> _Extracted data_
####

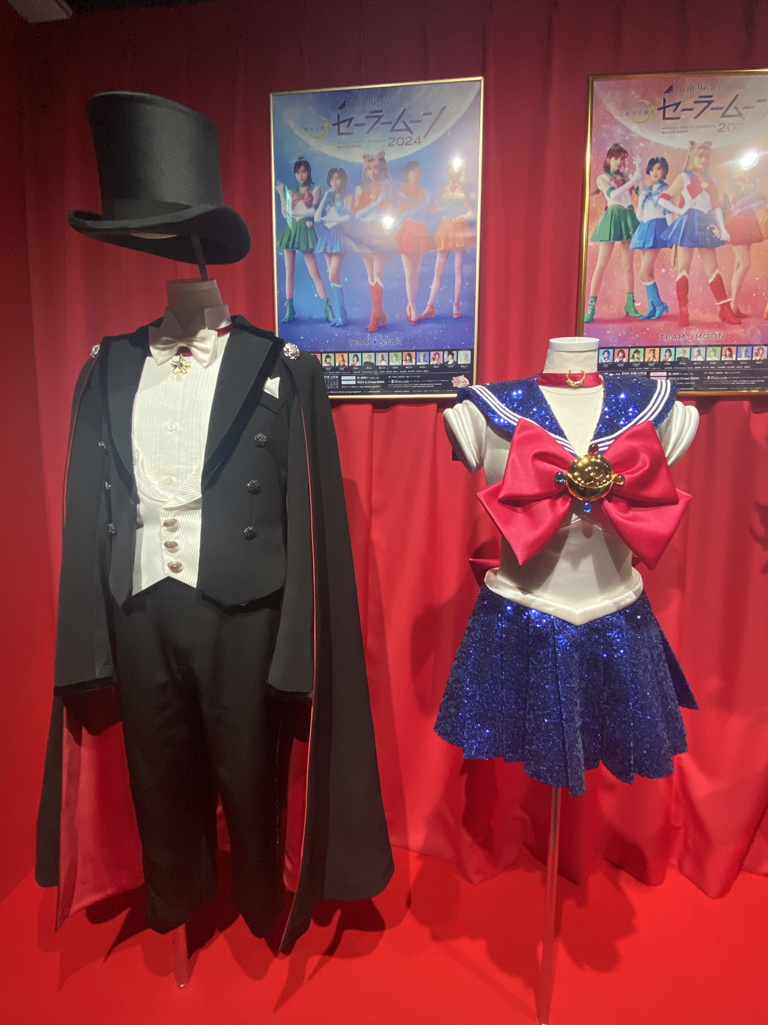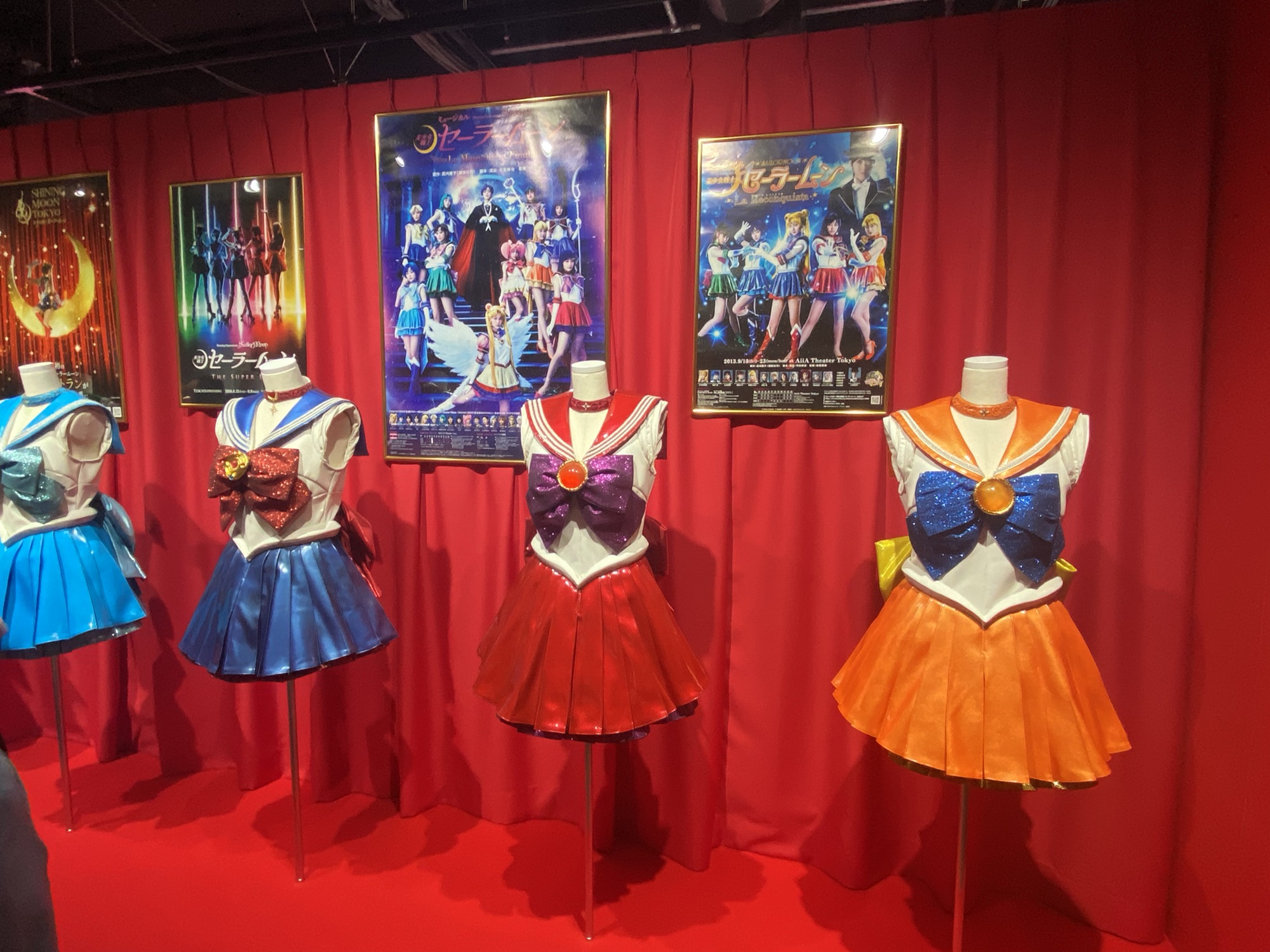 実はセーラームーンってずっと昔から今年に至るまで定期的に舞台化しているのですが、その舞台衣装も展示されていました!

####

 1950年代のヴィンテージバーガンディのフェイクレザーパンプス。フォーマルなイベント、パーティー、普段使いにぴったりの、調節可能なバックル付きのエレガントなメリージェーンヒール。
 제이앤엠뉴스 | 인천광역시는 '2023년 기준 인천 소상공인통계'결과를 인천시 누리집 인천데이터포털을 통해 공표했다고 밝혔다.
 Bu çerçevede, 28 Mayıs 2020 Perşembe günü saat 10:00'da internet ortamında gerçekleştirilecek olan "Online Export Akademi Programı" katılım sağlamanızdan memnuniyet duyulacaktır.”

####

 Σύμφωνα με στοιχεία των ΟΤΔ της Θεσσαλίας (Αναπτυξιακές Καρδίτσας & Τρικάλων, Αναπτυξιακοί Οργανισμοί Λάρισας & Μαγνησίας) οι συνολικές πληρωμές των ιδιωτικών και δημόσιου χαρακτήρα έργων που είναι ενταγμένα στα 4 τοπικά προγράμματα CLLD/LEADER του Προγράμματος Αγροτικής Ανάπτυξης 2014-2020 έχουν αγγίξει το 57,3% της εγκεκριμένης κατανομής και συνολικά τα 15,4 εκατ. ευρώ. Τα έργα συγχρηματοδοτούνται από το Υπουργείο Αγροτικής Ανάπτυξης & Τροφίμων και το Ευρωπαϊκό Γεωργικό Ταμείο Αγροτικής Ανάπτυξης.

####

> _What you will do_
Where the listing above has a line with "제이앤엠뉴스 | 인천광역시는", start there, and output every line exactly through the line with "Bu çerçevede, 28", which is also included.

> _Result_
 제이앤엠뉴스 | 인천광역시는 '2023년 기준 인천 소상공인통계'결과를 인천시 누리집 인천데이터포털을 통해 공표했다고 밝혔다.
 Bu çerçevede, 28 Mayıs 2020 Perşembe günü saat 10:00'da internet ortamında gerçekleştirilecek olan "Online Export Akademi Programı" katılım sağlamanızdan memnuniyet duyulacaktır.”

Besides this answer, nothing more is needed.